Bu itibarla, dava konusu … plaka sayılı aracın tarafların müşterek beyanlarından, dosya içerisinde bulunan ve davacı vekili tarafından delil olarak ibraz edilen araç satış faturasından 27/02/2015 tarihinde davacı tarafından satın alındığı, bu hususun çekişmesiz olduğu, aracın ruhsat kaydından ilk tescil tarihinin 02/03/2015 tarihi olduğunun tespit edildiği, dava dilekçesinden ve servis kayıt formlarından araçtaki arızanın 04/01/2021 tarihinde meydana geldiği, eldeki davanın 02/08/2021 tarihinde açıldığı, dolayısıyla dava konusu aracın 27/02/2015 tarihinde satış işlemi yapılarak davacıya teslim edildiği nazara alındığında, anılan yasal düzenlemedeki gibi “satılandaki ayıp daha sonra ortaya çıksa bile” aracın devrinden başlayarak iki (2) yıllık zaman aşımı süresinin 02/08/2021 dava tarihinden çok öncesinde dolduğu, aracın davacıya satılarak devredilmesinden itibaren iki yıllık zaman aşımı süresinin dava tarihinden önce dolduğundan ayıba karşı sorumluluğun ayıp daha sonra ortaya çıksa bile davalılara karşı artık ileri sürülemeyeceği, davalıların yasal süre içinde sundukları cevap dilekçesinde zaman aşımı defiini usulüne uygun olarak ileri sürmeleri karşısında, eldeki davanın zaman aşımı nedeniyle reddine karar verilmiştir.
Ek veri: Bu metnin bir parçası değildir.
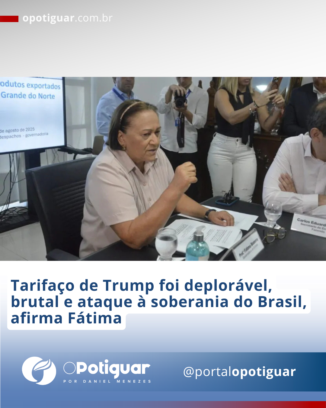 Ao comentar o caso nesta sexta-feira 1º em coletiva de imprensa na Governadoria, Fátima disse que momento é “delicado” e que o chamado tarifaço representa um ataque à soberania do Brasil e que as consequências já são sentidas por empresas e trabalhadores potiguares.
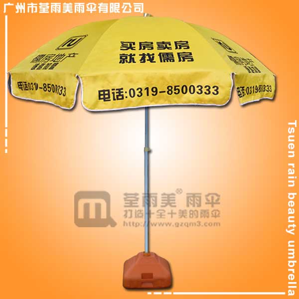 【广州太阳伞厂】生产-儒房地产太阳伞 广告太阳伞 鹤山太阳伞厂 太阳伞厂 工厂热线:020-81801255 13640737977 雨伞尺寸48寸,展开伞架直径约240cm 经济、大方!采用钢铁4.0防风骨太阳伞,伞布采用210黄色牛津银胶布防嗮伞面八片丝印,掉边丝印电话和地址让客户更容易找到商家位置。

Hemen belirtmek gerekir ki, ayıptan doğacak sorumlulukla ilgili olarak davalılar daha uzun bir süre ile bu sorumluluğu üstlenmemiştir. Öte yandan; iki yıllık zaman aşımı süresinin uygulanmayacağı hal ile ilgili olarak, davalıların, satılanı ayıplı olarak devretmekte ağır kusurlu olduğu, davacı tarafından ispat da edilememiştir (hatta bu hususta ileri sürülen vakıa dahi yoktur).
Ayıptan kaynaklanan sorumluluğa ilişkin eldeki davada, davanın açıldığı tarih itibariyle iki yılık zaman aşımı süresi dolmakla, davalılar … A.Ş. ile… A.Ş.’nin zaman aşımı defi yerinde görülerek, davanın zaman aşımı nedeniyle reddine karar verilmiştir.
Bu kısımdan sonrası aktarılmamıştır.